売春汚職事件では情報を漏らす検事をあぶりだすためにわざとガセネタを流し、それを記事にした記者を逮捕して情報源を自白させようとしました。記者が情報源を守り通したため情報を漏らした検事は救われますが、記者は謀略の犠牲となりました。

情報漏えいを許さない官僚機構の姿勢は、事件後の司法記者クラブで徹底されていきます。幹部が記者会見を毎日2回やる代わりに記者が現場の検事に接触する事が禁止されました。幹部が会見で発表する内容は組織として認められた統制情報です。ルールを破ったメディアを記者会見に同席させず、さらに取調室を聖域化して記者の立ち入りを禁じました。

こうした規制にメディアが抵抗できなかったのは、検察が独自に逮捕・起訴できる強大な権限を有している事や、検察の取材には「現場」がないため情報操作しやすい事などが挙げられます。例えば同じ捜査機関でも警察の取材には事件の「現場」があります。メディアは警察の発表だけで記事を書く訳ではなく、「現場」を足で歩き、聞き込みや証拠集めをして記事を書きます。そうした場合には情報統制などできません。

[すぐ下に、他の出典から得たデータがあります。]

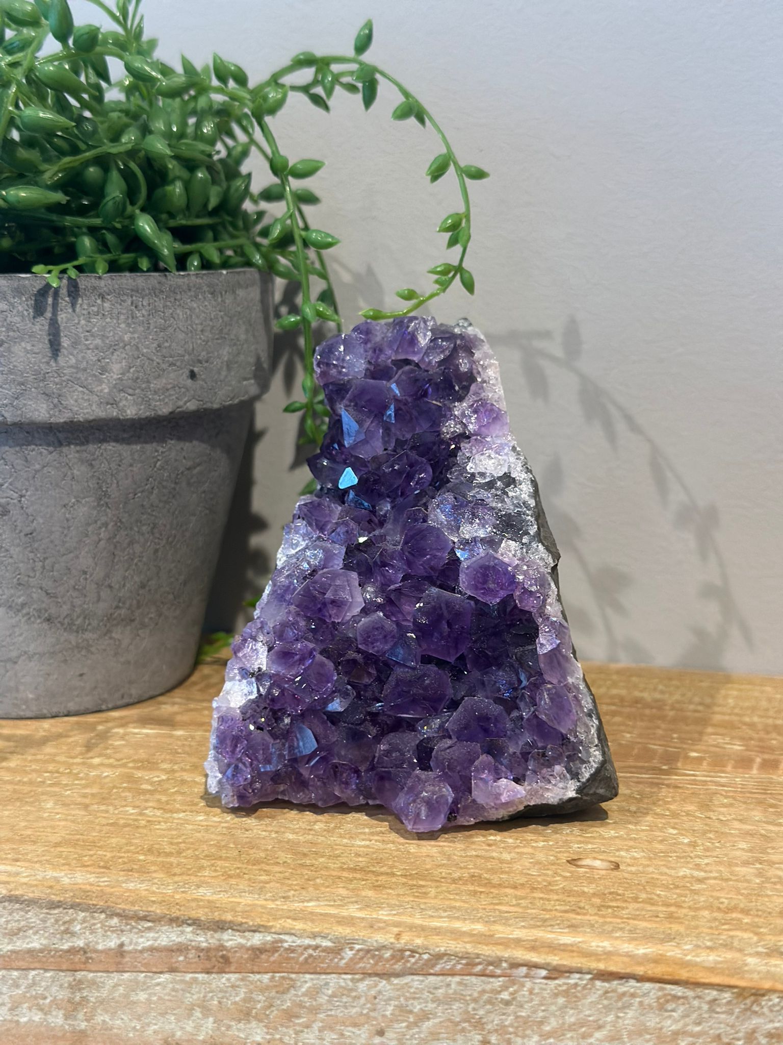 Breng liefdevolle energie in je huis met deze prachtige standvlak Amethist – een krachtig kristal dat symbool staat voor zelfliefde, innerlijke rust en spirituele bescherming. Met haar diepe paarse kleur en natuurlijke uitstraling is dit stuk niet alleen energetisch waardevol, maar ook een schitterende toevoeging aan je interieur.

ところが検察の捜査の「現場」は取り調べを行う密室です。取り調べ担当の検事を取材できず、取調室にも近づけなければ、そこでどのような取り調べが行われたのかをメディアは知る術がありません。検察幹部が発表すべきと判断した内容だけがメディアに伝えられ、メディアは検察の描くストーリーに乗せられてしまうのです。

それが検察による大衆操作も可能にします。「検察の捜査はナチスのゲッベルス的手法だ」と私に言った警察幹部がいました。ゲッベルスはナチスの宣伝相ですが、その手法はマスコミを使った大衆操作です。マスコミを動員して大衆に一つのイメージを植え付け、それから政府が動き出せば大衆を熱狂させることが出来るというのです。大衆操作がナチスに強大な権力を与えました。

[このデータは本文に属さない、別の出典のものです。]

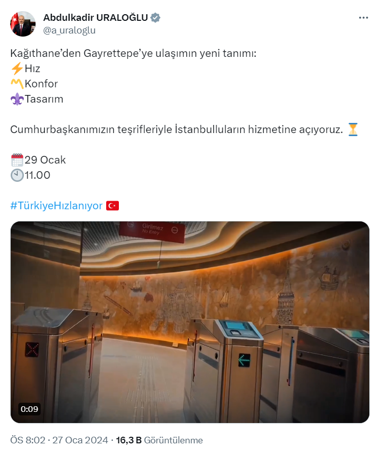 Söz konusu metro hattının açılışının Cumhurbaşkanı Recep Tayyip Erdoğan'ın teşrifiyle yarın saat 11.00'de yapılacağı bilgisini veren Uraloğlu paylaşımında "İstanbul'u kesintisiz, konforlu, yerli ve milli raylı sistem ağlarıyla donatmaya devam ediyoruz. İnşa ettiğimiz geleceğe miras eserler ile Türkiye hızlanıyor" ifadelerini kullandı.
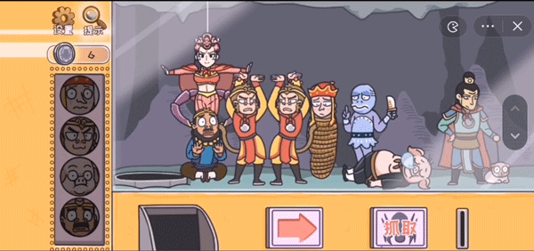 首先直接移动到沙僧身上就能抓住他,然后移动到奔波儿灞身上抓住他。接着移动到唐僧身边进行抓捕,抓住八戒时需抓住他的耳朵并持续点击。长按唐僧可以让他念出紧箍咒,这时孙悟空会出现,抓住他即可顺利通关。
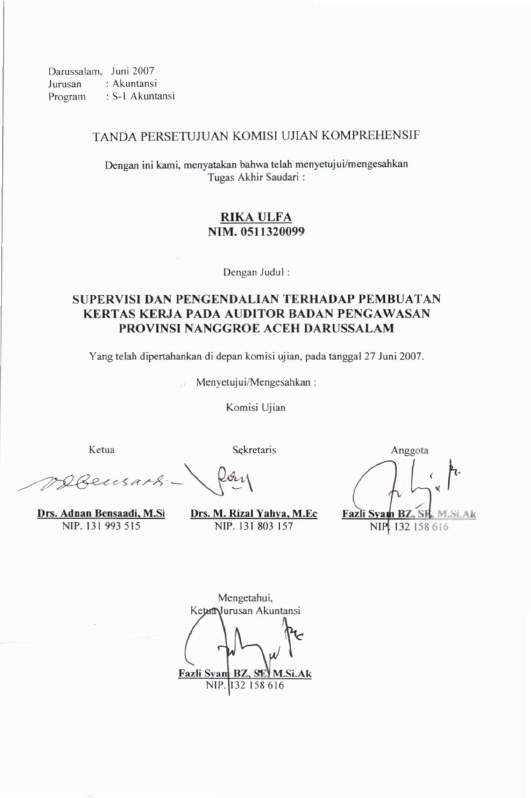 Rika Ulfa, SUPERVISI DAN PENGENDALIAN TERHADAP PEMBUATAN KERTAS KERJA PADA AUDITOR BADAN PENGAWASAN DAERAH PROVINSI NANGGROE ACEH DARUSSALAM. Banda Aceh Fakultas Ekonomi,2007

「検察は動き出す前に必ずマスコミを使って大衆に摘発の対象が悪だというイメージを植え付ける。悪を摘発する検察は常に正義の味方と大衆は思い込む。大衆は裁判をやる前から逮捕された人間を有罪と考え、民意を無視できなくなった裁判官は有罪の判決を出す。これが検察のゲッベルス的手法だ」と警察幹部は言いました。

例えばリクルート事件の江副浩正氏や福島県汚職事件の佐藤栄佐久氏は悪のイメージを報道され続けた後に検察に逮捕されました。しかし江副氏の著作『リクルート事件 江副浩正の真実』や佐藤氏の『知事抹殺』などを読むと、それが意図的に作り出されたイメージである事が分かります。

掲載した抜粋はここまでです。